Understanding Decoder

Nilearn’s Decoder object is a composite estimator that does several things under the hood and can hence be a bit difficult to understand at first.

This example aims to provide a clear understanding of the Decoder object by demonstrating these steps via a Scikit-Learn pipeline.

We will use the Haxby et al.[1] dataset where the participants were shown images of 8 different types as described in the Decoding with ANOVA + SVM: face vs house in the Haxby dataset example.
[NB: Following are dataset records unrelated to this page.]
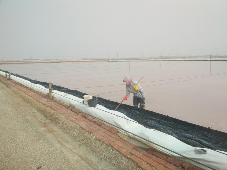 每一個女孩都喜歡美麗的衣服,都喜歡把自己裝扮得漂亮迷人??墒枪ぷ鞯奶厥庑圆辉试S鹽灘工“貌美如花”。周娟,37歲,新河制鹽分公司5班一名普通的女工,她關(guān)注班組集體事務(wù),能夠團結(jié)、關(guān)心班組女工,并積極帶領(lǐng)女職工昂揚向上,奮發(fā)有為,為單位鹽業(yè)生產(chǎn)多作貢獻。周娟特別注重對新上崗的員工培訓(xùn)教育工作,她總是不厭其煩講解原鹽操作流程及工作中的注意事項和安全隱患,毫不保留將自己多年的經(jīng)驗傳授給大家。炎熱的夏天,當大家坐在辦公室,吹著空調(diào)、喝著冰水時,她和她的同事依舊在鹽灘忙碌著,嬌嫩的皮膚被曬得黝黑。盡管如此,她依然每天駕駛著活茬機,一遍又一遍地游走在鹽田,將汗水撒在工投。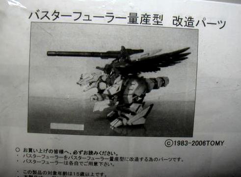 The last release of Berserk Fury was the Fuzors edition titled Buster F�hrer. The backpack was modified on this unit to fit the Buster Eagle that came standard with the unit. The feet were also changed enabling the unity to walk properly with the Buster Eagle atop the unit. Buster F�hrer came with an Anime accurate mini figure of Blake and had a re-vamped sticker sheet. Somewhere between 2001 to 2004 there were some chrome examples of Berserk Fury. I believe these were old Leo-Shop chromes. They are seldomly seen, and do make for glorious display units.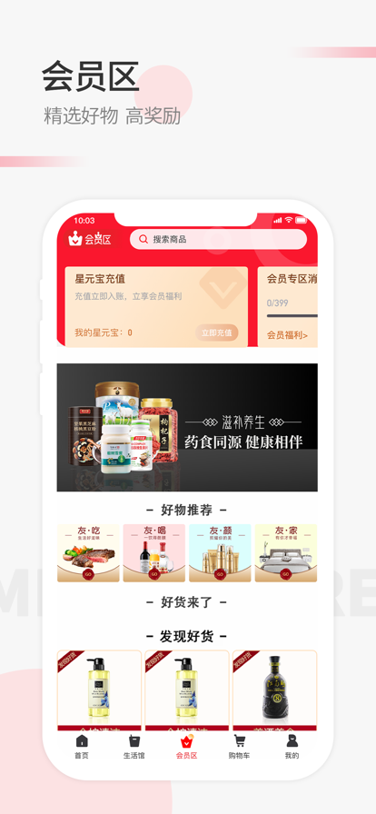 会员区域:专为VIP会员打造的高品质购物专区,包含限量商品和会员专享折扣,购物还能获得额外通证奖励。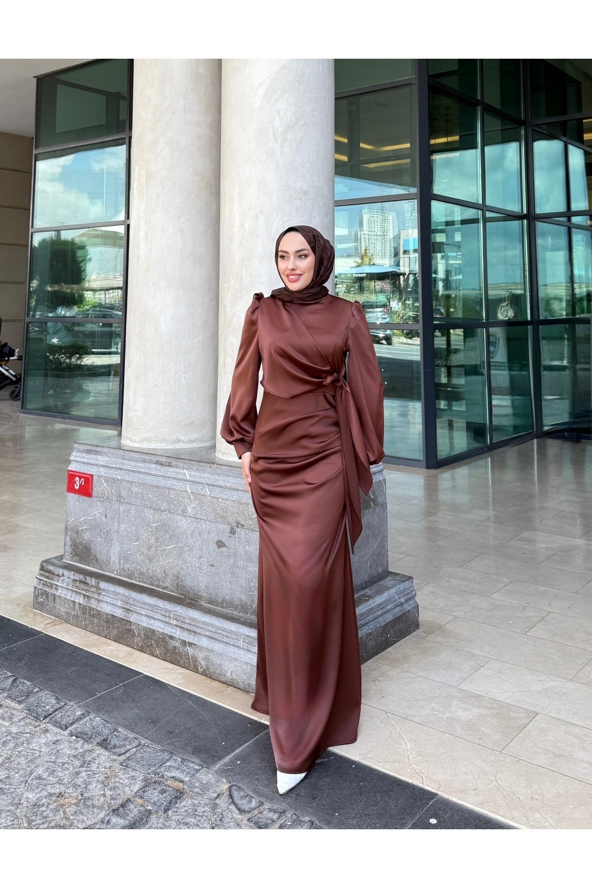 Maxi boyu ile hem rahat hareket etme imkanı sağlar hem de zarafetinizi korurken balık kesimi vücut hatlarınıza mükemmel uyum sağlar.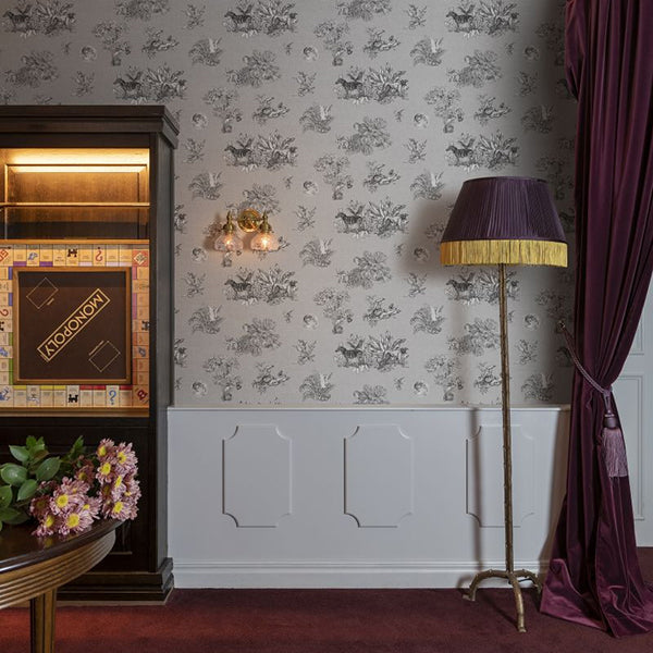 Is there anything quite as classic as a toile? The French pattern has decorated walls since the 18th century but has never been quite as whimsical as now. Because if you look closely, the zebra is wearing a hat, and the fox is kicking back with a glass of wine – we’ve put the quirky into a classic.

We will train a classifier to predict the label of the object in the stimulus image based on the subject’s fMRI data from the Ventral Temporal cortex.

Load the Haxby dataset

from nilearn import datasets

# By default 2nd subject data will be fetched on which we run our analysis
haxby_dataset = datasets.fetch_haxby()
fmri_img = haxby_dataset.func[0]
# Pick the mask that we will use to extract the data from Ventral Temporal
# cortex
mask_vt = haxby_dataset.mask_vt[0]

# Load the behavioral data
import pandas as pd

from nilearn.image import index_img

behavioral_data = pd.read_csv(haxby_dataset.session_target[0], sep=" ")
labels = behavioral_data["labels"]
# Keep the trials corresponding to all the labels except the ``rest`` ones
labels_mask = labels != "rest"
y = labels[labels_mask]
y = y.to_numpy()

# Load run information
run = behavioral_data["chunks"][labels_mask]
run = run.to_numpy()

# Also keep the fmri data corresponding to these labels
fmri_img = index_img(fmri_img, labels_mask)
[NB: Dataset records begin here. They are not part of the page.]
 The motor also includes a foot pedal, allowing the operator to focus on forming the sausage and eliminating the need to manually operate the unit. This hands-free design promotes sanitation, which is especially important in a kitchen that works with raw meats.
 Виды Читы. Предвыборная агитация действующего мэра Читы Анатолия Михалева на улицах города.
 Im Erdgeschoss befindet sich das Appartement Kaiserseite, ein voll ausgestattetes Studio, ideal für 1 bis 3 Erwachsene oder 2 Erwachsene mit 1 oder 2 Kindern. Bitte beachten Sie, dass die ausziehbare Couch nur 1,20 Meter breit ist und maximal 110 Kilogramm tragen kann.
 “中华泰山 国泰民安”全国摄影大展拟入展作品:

# Overview of the input data
import numpy as np

n_labels = len(np.unique(y))

print(f"{n_labels} labels to predict (y): {np.unique(y)}")
print(f"fMRI data shape (X): {fmri_img.shape}")
print(f"Runs (groups): {np.unique(run)}")
[fetch_haxby] Dataset found in /home/runner/nilearn_data/haxby2001
8 labels to predict (y): ['bottle' 'cat' 'chair' 'face' 'house' 'scissors' 'scrambledpix' 'shoe']
fMRI data shape (X): (40, 64, 64, 864)
Runs (groups): [ 0  1  2  3  4  5  6  7  8  9 10 11]

Preprocessing

As we can see, the fMRI data is a 4D image with shape (40, 64, 64, 864). Here 40x64x64 are the dimensions of the 3D brain image and 864 is the number of brain volumes acquired while visual stimuli were presented, each corresponding to one of the 8 labels we selected above.

Decoder can convert this 4D image to a 2D numpy array where each row corresponds to a trial and each column corresponds to a voxel. In addition, it can also do several other things like masking, smoothing, standardizing the data etc. depending on your requirements.

Under the hood, Decoder uses NiftiMasker to do all these operations. So here we will demonstrate this by directly using the NiftiMasker. Specifically, we will use it to:

1. only keep the data from the Ventral Temporal cortex by providing the mask image (in Decoder this is done by providing the mask image in the mask parameter).

2. standardize the data by z-scoring it such that the data is scaled to have zero mean and unit variance across trials (in Decoder this is done by setting the standardize parameter to "zscore_sample").

from nilearn.maskers import NiftiMasker

masker = NiftiMasker(mask_img=mask_vt, standardize="zscore_sample")

Convert the multi-class labels to binary labels

The Decoder converts multi-class classification problem to N one-vs-others binary classification problems by default (where N is the number of unique labels)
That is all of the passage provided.